Shareholders in this company have demonstrated an ability to vote against common sense, as they did in January when they restricted the ability to raise capital via placings. I rather suspect shareholders will consider voting against this deal thinking this will deprive Minty of gaining control of MFDevCo. In my view such a move would likely fail – Minty would still obtain control of MFDevCo via negotiation with the administrator around the outstanding debt. So I see little option but for the shareholders to vote this deal through, but that does of course assume they are rational and I know many are not!
Meanwhile I feel sorry for genuine honest shareholders who have effectively lost pretty much all their investment, on what to me has always been a lifestyle AIM company, but I delight in the losses of those shareholders who insulted me and wished me to be set alight and to burn to death.
I see the equity having a fair value far below its current bid price, hence I can only conclude selling would be the only rational action at the current time, even if this crystallizes losses.

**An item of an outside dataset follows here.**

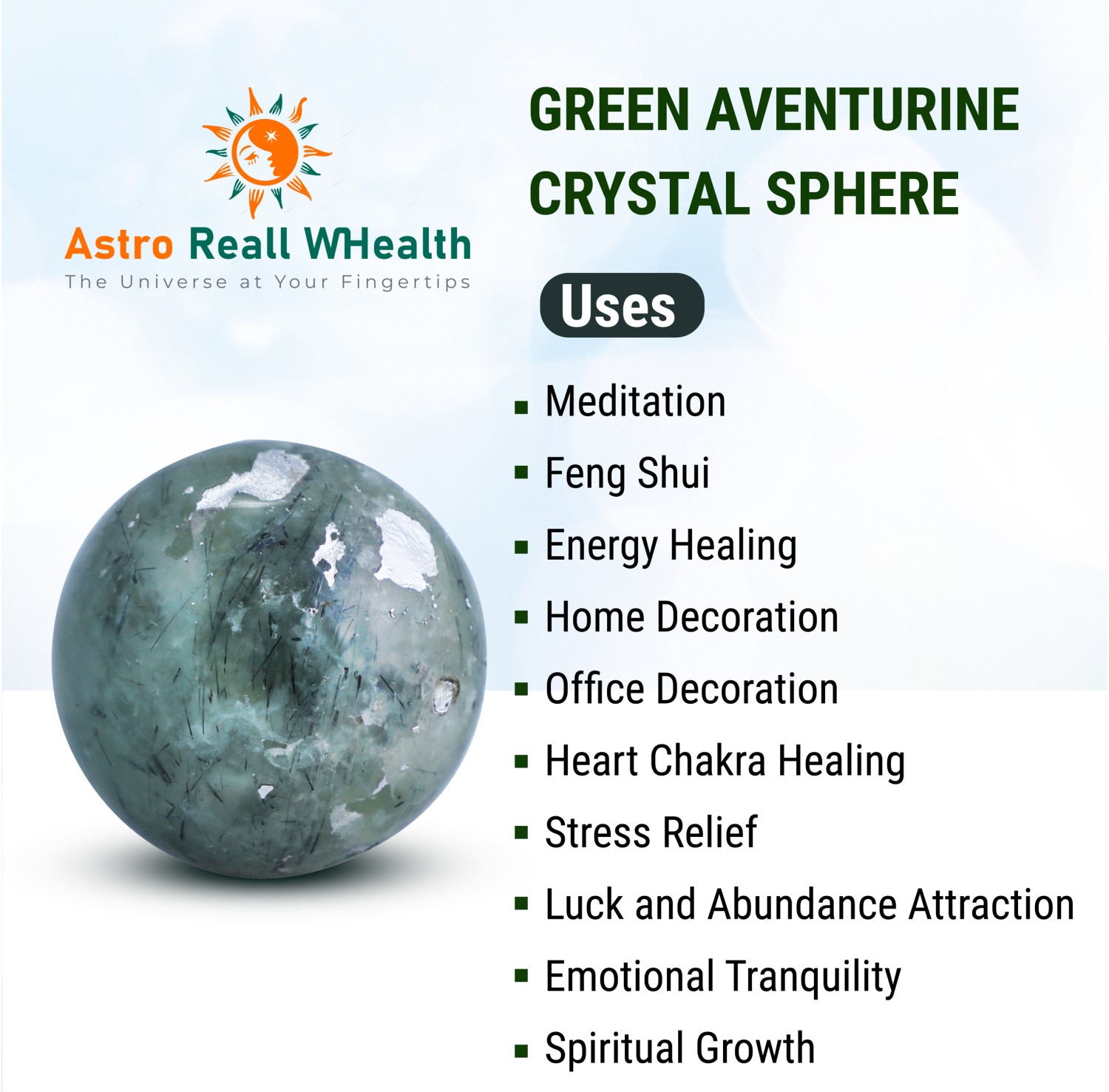 FEATURES Natural Gemstone: Made from authentic green aventurine, celebrated for its healing and calming effects. Smooth Polished Finish: Expertly polished to a smooth, glossy surface, enhancing its natural beauty and tactile appeal. Versatile Use: Perfect for meditation, feng shui, or as a decorative piece to elevate your home or office environment. Healing Properties: Known to attract luck, abundance, and positive energy, while promoting emotional tranquility and heart chakra healing. GREEN AVENTURINE CRYSTAL SPHERE.

The company had a longstanding debt with Shard Capital, which it demonstrated zero ability to repay, and today we are told this debt was purchased by C4 Energy Ltd. We are not told what C4 Energy paid for this debt, but in my view £1 plus a bag of Golden Wonder crisps for each director of Shard Capital would have been fair. The proposed plan will see this debt re-stated at £2.5 million with this sum being convertible into shares at 0.05p. So that’s 5 billion shares to be issued in the future.
We are also told that, subject to this deal being voted through at an AGM, a further 1 billion shares will be placed at 0.05p raising £0.5 million with persons or bodies corporate introduced by C4 Energy. We are also told that Mr Jayanta Bhattacherjee, formally with Aminex (AEX) and Andrew Dennan, currently a director of Coro Energy (CORO) will be joining the board and effectively taking control, and that they are shareholders in C4 Energy. That’s rather interesting, as Companies House records, last updated on 27th September 2019 (last Friday) re-confirms the two directors and only shareholders of C4 Energy as James Parsons and Marco Furmagalli. Perhaps these records will be updated?

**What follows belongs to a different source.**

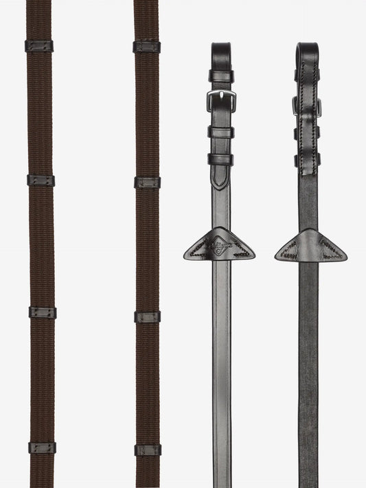 LeMieux wodze skórzano-gumowe "Half-Lined", ciemny brąz/srebrny

If this proposal goes through, the company will become a cash shell. At best it will have the £0.5 million of cash from the proposed placing, less of course the costs and residual liabilities after elimination of the RMRI debt. I would suggest its value would be no more than its listing value – say about £0.5 million assuming it retains sufficient cash to pay the corporate costs until an RTO can be sorted.
Current shareholders own 1.5 billion shares, but on a fully diluted basis there will be 7.5 billion shares in issue. So current shareholders would effectively own 20%, or £100,000 worth of that £0.5 million nominal cash shell value. With the shares trading at 0.05p as I type, that values the current equity at some £750,000 or 7 ½ times fair value in my book.

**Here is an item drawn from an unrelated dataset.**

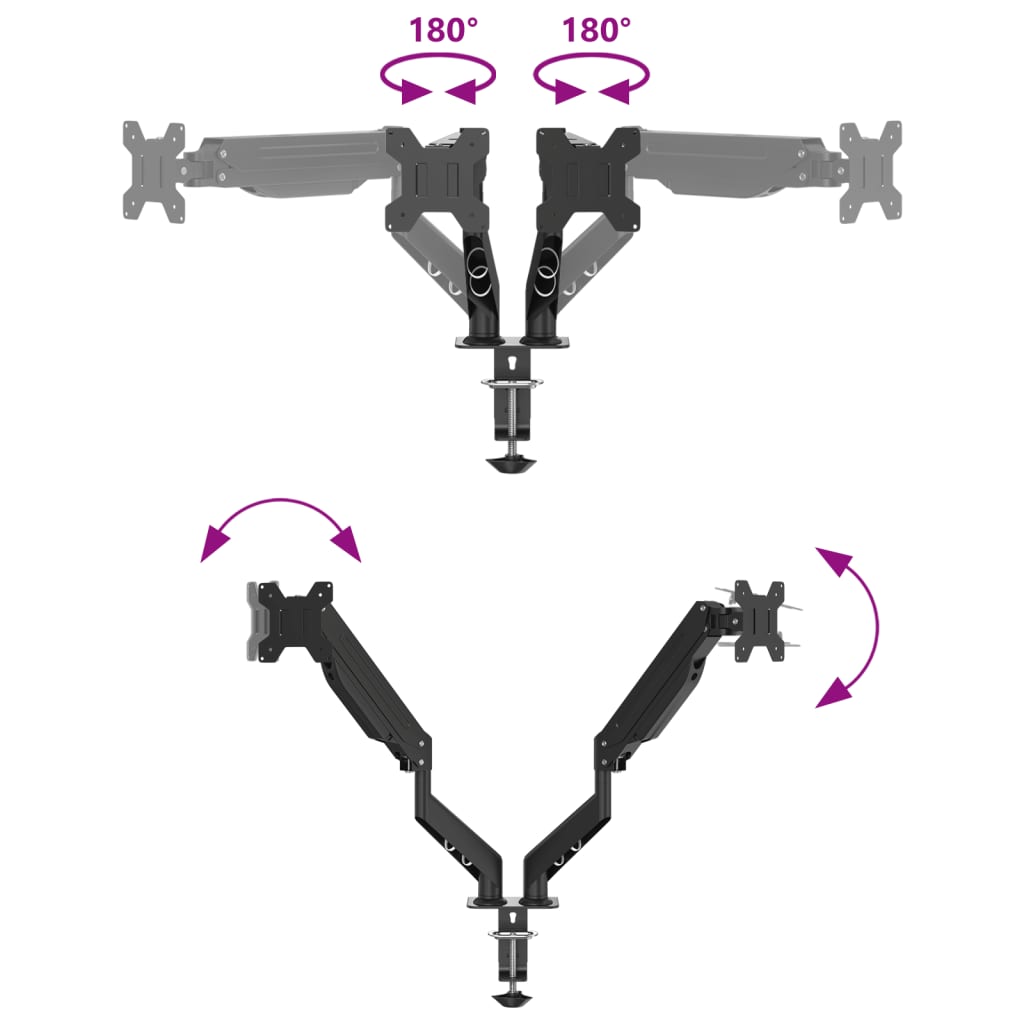 - Regolabile in molti modi: il braccio doppio per monitor è dotato di una molla a gas che consente un'inclinazione di 90° verso l'alto, un'inclinazione di 70° verso il basso, una rotazione di 360° dello schermo e un intervallo di panoramica o rotazione fino a 180°. Grazie all'altezza e all'angolazione regolabili, è possibile alleviare la tensione su spalle e collo.

There is also the matter of the ongoing litigation in Canada. This litigation is between Enegi Oil Inc, a wholly owned subsidiary of the company, and its partner PVF Energy Services Inc. I can only assume this liability with either be resolved at minimal cost or the subsidiary, Enegi Oil Inc will be cut free, via an administration process or the like.
It would appear to me the attraction of this deal to James Parsons and Marco Furmagalli is both the convenience of having a listed shell and the accumulated losses, some £43 million at the end of last year, which the company has managed to accrue from spending shareholders cash to achieve nothing of any value. If my view on the debt purchase consideration is correct, Parsons and Furmagalli are currently risking £1 plus a few bags of crisps. Sounds ok to me.
NuOil & Gas (NUOG) has been a cornerstone of my crap quartet for some time and I read todays RNS with some delight. This company has caused me to write to the FCA / AIM regulation more than any other company in recent years and the social media insults aimed in my direction from “long and strong” shareholders have been truly disgusting. I am sure the dilution to practical oblivion by James Parsons and Marco Furmagalli of Sound Energy (SOU) infamy is a richly deserved reward for those moron shareholders.
Gary Newman has warned shareholders over many years about this company, most recently in July this year. The company has never really done anything other than raise cash via placings and spend it achieving nothing. It’s only assets are an investment into the Marginal Field Development Company and some crap asset in Newfoundland and tax losses. That asset in Newfoundland is currently in dispute via the courts and frankly looks far more a liability than an asset.
Over recent years there has been much shenanigans with this company. March 2018 saw me report the company to FCA and Aim Regulation for Market Abuse (inside information spewed across the LSE bulletin board). An RNS was swiftly issued. The AGM in January 2019 was always going to be a contentious meeting, with plenty of shareholders posting on LSE how they would vote down resolutions for further dilution. Contemporaneous social media posts during the meeting confirmed key resolutions had not been passed but the RNS reporting the meeting did not reflect this outcome. So a further letter from me to the FCA & Aim Regulation resulted, as did a totally separate letter from Gary Newman. Again an RNS was swiftly issued by the company to correct the matter. I continued to comment on the LSE asylum until I was permanently banned at the instigation of the company.
So here we are today with a proposal for wholesale change. I would have to say, this looks like a good outcome for shareholders as I was fully expecting a trip directly to the corporate knackers yard this month.
In effect Alan Minty, the former Exec Chairman, gains 100% control of MFDevCo in exchange for outstanding inter-company liability being extinguished with RMRI Ltd – a company he controls. The company has told us repeatedly via RNS and interviews and the like that MFDevCo represented the positive future with all sorts of possibilities of deals and revenue, none of which I considered had much merit. Regardless of my views, if social media posts are to be believed, MFDevCo was the light at the end of the tunnel for shareholders. If this plan goes through Minty obtains 100% of MFDevCo despite all that funding from placings.